DEAD TEACHERS: Exploring Uses of Autopsies in Basic Science Medical Education

Elsa B. Cohen, M.D.

Associate Professor of Pathology

Department of Pathology

Medical College of Wisconsin
Milwaukee, WI 53226

(+) 1-414-257-6211
(+) 1-414-257-7815

Medical students almost always respond enthusiastically to attending autopsies, participating in the dissection, and helping work through the abnormal physiology involved in understanding clinical-pathological correlations. They enjoy seeing the anatomy of an unembalmed cadaver, and looking at histologic slides to confirm, refute or elucidate the clinical hypotheses made at the time of the gross dissection.

Despite the currently-low autopsy rate [1] this seems to be a good time to reexamine the role of autopsies in medical education in general, and basic science education in particular. There is intense interest in case-based learning, and an autopsy is a case-based experience. The autopsy affords a situation in which material from all of the basic science disciplines comes into play. Further, technological advances in capturing and manipulating images and combining them with electronically-stored patient information offer exciting flexible alternatives to the classical specimen museum and paper records.

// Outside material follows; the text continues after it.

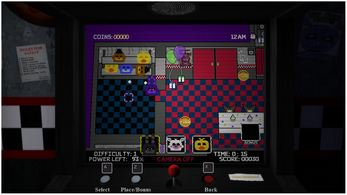 In this arcade style game, you can control the famous cartoon characters from the Five Nights at Freddy's series. Each game begins by selecting your team of animatronics that will help you catch the security guard during the night shift. Each animatronic has different characteristics, such as their speed, the points they get or their starting position. If you catch the security guard, you win the game but if the clock reaches 6AM before, it's game over. You have to pick the most efficient team and find the perfect way to get your hands on the guard. And don't forget to get the highest score!

At the Medical College of Wisconsin, we have started this year to encourage every student to attend an autopsy and present the findings to colleagues in a small-group setting. We are in the process of evaluating this exercise. A number of interesting questions have arisen in the few months we have been doing this. For example, should this experience play a major role in carrying course content, or should it be viewed primarily as a way of enriching the students’ experience in the course? As with other case-based instruction, if one relies only on case material which comes through a clinical service by chance, important topics may be missed, and yet “canned” experiences rarely have the immediacy of actual patient contracts, and therefore are more easily forgotten. What should the role of the resident-prosector be in this exercise? Should the students be required to write up the autopsy findings in a formal manner? If they do, who will read and evaluate the written work? Should they present the gross and the microscopic findings to their follow students, and if so, in how much detail? Should they be graded, and if so, how? What are effective ways to build up a library of autopsy cases? Can the autopsy material readily be used in an interdisciplinary fashion?

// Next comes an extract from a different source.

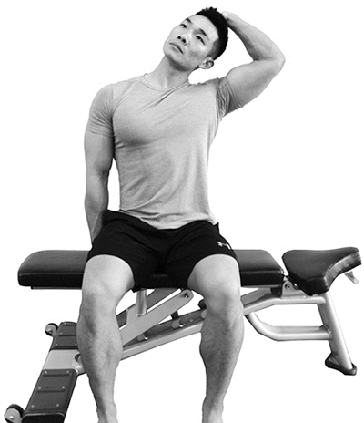 以牵拉右侧为例,坐位,右手压在臀部下方,左手食指和中指做剪刀手状,轻轻放在右侧耳朵尖部的两旁。左手辅助头部向左侧侧屈,当右侧肩部有轻微针刺感时停止运动,动作维持30至60秒,左右两侧各重复3至5次。

A number of departments of pathology have been having students attend autopsies during the basic science course in pathology, usually during the second year of medical school. This spring, I had an opportunity to visit several of them and to discuss with both the pathology faculty and residents what their experience has been. I found, not surprisingly, that they had many of the same problems and questions. It was stimulating to begin sharing ideas on this timely subject, and it seems to me that it would be helpful to a number of us to do this in a more formal fashion through the AAMC:GEA’s Basic Science Education Special Interest Group.

I would be pleased to coordinate efforts to collect and disseminate information regarding the use of autopsy material in medical education. Please consider sharing your course, departmental, or institutional goals, your current experiences, and your ideas for the future of this teaching resource. I look forward to hearing from you by phone, fax, or mail.

1. Hill, R.B., Anderson, R.E. The Autopsy – Medical Practice and Public Policy. Boston: Butterworth, 1988, p41. This reference also presents a number of interesting perspectives on the uses of autopsy in medical education.